For some reason this quote blew me away. It's just so hard to comprehend the timescales and vastness of the universe.


Multiple generations is perhaps an overstatement. The first oxygen in the Universe came from what we call Population III stars which is the first generation of stars to form after the Big Bang and what separates these from other stellar populations is that they do not have elements heavier than hydrogen or helium (except for minuscule traces left over from the Big Bang but these are insignificant). Now we don't know much about Population III stars but many models predict they are massive and when they die, can release 60 times the mass of our sun in the form of oxygen. That's really a lot of oxygen so you don't need too many of these to go off to pollute the early Universe and probably one of the reasons why we haven't yet found Population III stars.


The word "generation" isn't really a thing in astronomy jargon. "Population III" is a population, and it includes stars formed after some supernovae, up to the point where the metals % gets high enough to be Population II.


Big stars burn hot and fast, the more mass, the shorter their lives


Pop III stars (if they existed) are really a mystery, we can't easily extrapolate. These stars would be purely hydrogen and helium so it would take them a surprisingly long time to get to CNO cycle, for example.


So I think it is fair to say they did exist. If we believe in Big Bang Nucleosynthesis then heavy elements had to come from somewhere making the first generation of stars (whatever their properties may be) be Population III. I agree that without a catalyst it's hard to initiate the CNO cycle but indeed models predict that it is possible even under these circumstances.


Why would it take a Pop III star longer than an equivalent-mass Pop I or II star to reach the end of its H / He fusion cycle?


Because of the lack of C, N, and O, which are catalysts in the CNO cycle. They aren't produced by it.


NB: based on some quick searches, it seems that low-metalicity Pop III stars would rely on the pp (proton-proton) fusion chain. That's going to slow reaction somewhat, and extend lifetime. But for high-mass stars with only a few millions of years expected lifetime in a Pop I/II class, that's ... still a relatively modest difference compared to the several hundred million year lifespan of the early Universe.

Or am I missing something?


Another interesting quirk of Pop III stars is that their initial mass function is expected to form much more massive stars than Pop II or Pop I. So even if Pop III stars are longer lived at the same mass as Pop II or Pop I, there will be a lot more supernovae per time, leading to fast enrichment and then Pop II.


That was one of my thoughts.

Another is that p-p fusion is fairly common. Look up when the Big Room's bright and you'll see a ... stellar example yourself ;-)

(p-p fusion dominates in stars < ~1.3 M, where M is a solar mass.
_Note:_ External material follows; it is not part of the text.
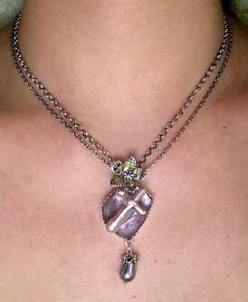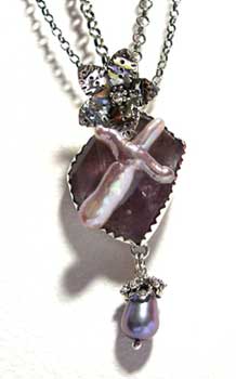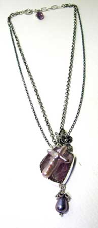 ●N_Neck03● SOLD OUT ![]() 透明感のあるアメジストの上に、クロスのパールを配した、 ロマンチックな色合いのネックレスです。

CNO fusion is typical of more massive stars.)


Thanks!


It's interesting that [1] has a diagram showing that in 2022 the NASA diagram claimed that stars & galaxies formed 400M years ago so this feels like a big shift to having a massive galaxy already at 300M with data suggesting it's formed after several generations of stars.

> All of these observations, together, tell us that JADES-GS-z14-0 is not like the types of galaxies that have been predicted by theoretical models and computer simulations to exist in the very early universe

This is exciting. Maybe our understanding of the Big Bang is extremely flawed & this data is just the first inklings that we have to reimagine what we know about it?


> formed 400M years ago

do you mean formed 400M years after the big bang instead of 400M years ago from today? That's like yesterday to the Universe.


Correct. Obviously not 400 mya.


No. The diagram https://science.nasa.gov/resource/history-of-the-universe/ tells us that galaxies and dark matter formed 400M years after the big bang. Look at the right of the chart legend: "13.8 billion years" is above "today".


And this observed galaxy formed less than 300M years after the big bang. The chart is now wrong.


That's the beauty of theories in that they can be proven right or wrong. Thanks to the JWST, a lot of theories are needing to be updated. We're just now being able to actually test those theories. At some point, these types of charts will be updated.

As you stated, it is exciting times.


Very large stars live very short lives.

Our star will live 10 billion years, the smallest stars will last trillions of years, the largest stars live less than 10 million years and some very early stars broke the models for how big they were and maybe lived much less long.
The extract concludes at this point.